The movement has yet to recover from that blow. It hasn’t held the presidency since Mr Khatami stepped down in 2005 after two full terms, with its candidates repeatedly barred from running for office. What it has managed to do is survive and remain politically relevant. Rather than call for the overthrow of the regime, it has backed moderate candidates such as Hassan Rouhani, another two-term former president.
In recent years, however, the Guardian Council has outdone itself, primarily by disqualifying reformist candidates aiming to run for Parliament. This has spurred many within the movement to boycott the last two parliamentary elections.

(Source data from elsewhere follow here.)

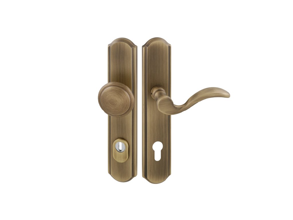 Štítová kľučka na vchodové a bezpečnostné dvere so spevneným rustikálnym štítom s prekrytím cylindrickej vložky je vyrobená z materiálov vysokej kvality – mosadz a je povrchovo upravená. Rustikálny štít má rozmery 51 mm x 250 mm a hrúbku 12 mm.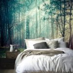 - 1 Fototapetų naudojimo miegamajame ypatybės: nuotrauka interjere
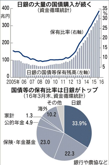 国債保有、日銀が3分の1超す 買い取り限界論も :日本経済新聞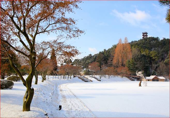 오리숲길 안쪽으로 들어서면 말티고개의 열두 굽이 길을 모티브로 만든 산책로가 이어집니다. 낮은 동산에는 데크길이 놓여 있어 가벼운 오르내림을 즐길 수 있으며, 겨울에는 나뭇잎이 사라져 길의 곡선과 동선이 더욱 선명하게 드러납니다.

In 2021, the Council barred the candidacy of all reformists except one, former central bank governor Abdolnaser Hemmati, who wasn’t considered a strong candidate. Mr Hemmati, though, finished third and garnered 8.5 per cent of the vote. Interestingly, one of the candidates to have been barred then was Dr Pezeshkian.
That he has been allowed to run for president a mere two years later could be a ploy on the part of the regime’s efforts to get out the vote.
The uncompetitive 2021 presidential election helped Mr Khamenei put his trusted candidate, Ebrahim Raisi, in power. But the regime’s support base narrowed down considerably and for the first time in a presidential election held since 1979, a majority of voters stayed home. Lacklustre turnout was also a theme during the 2020 and 2024 parliamentary elections, and something needed to be done about it.
It could be the case Mr Khamenei has calculated that Dr Pezeshkian is not strong enough to win the election but might generate enthusiasm among the reformist base enough to raise the overall voter turnout to above 50 per cent once again.
Dr Pezeshkian has already secured the resolute support of the Iranian Reformist Front, which brings together all the major reformist parties. IRF chairwoman Azar Mansouri said: “In this unequal scene, we will work for Dr Pezeshkian’s victory while also pursuing rights of all Iranians, including the right to a free, just and competitive elections.”
To his benefit, he will also be the main choice for centrists since the main moderate candidate, Ali Larijani, was barred from running.
The only other choice for centrist voters is Mostafa Pourmohammadi, who served as cabinet minister under both Mr Ahmadinejad and Mr Rouhani. But as a cleric who has long been associated with the regime’s judicial and security organs, his candidacy comes with baggage and few expect him to win.
Given that, Dr Pezeshkian has secured endorsements from Mr Rouhani’s Moderation and Development Party, as well as from key figures such as former vice president Eshaq Jahangiri and former foreign minister Mohammad Javad Zarif.
But endorsements from elders aren’t enough for Dr Pezeshkian to win. He needs to get out the vote, particularly by inspiring the mostly disillusioned citizenry. With hundreds of protesters having been killed during demonstrations in recent years, many Iranians have lost all hope in change.
The heart surgeon’s campaign has, so far, failed to tug at their heartstrings. In his first televised interview on Monday, he pledged to follow “the general policies set by the supreme leader” – not exactly a rousing call to those who need the motivation to cast their ballot.
Many of his supporters expressed their disappointment after watching the interview, including an IRF spokesperson who urged Dr Pezeshkian to “use a rhetoric in line with the expectations of the majority who are critical of the status quo”. He still has a chance to make amends in the upcoming televised debates.
Dr Pezeshkian’s chances of becoming the next president remain dim. Nonetheless, the very fact that he has been allowed to run has given some hope to Iran’s reformists. For a movement that’s been out of power for almost two decades, it’s not nothing.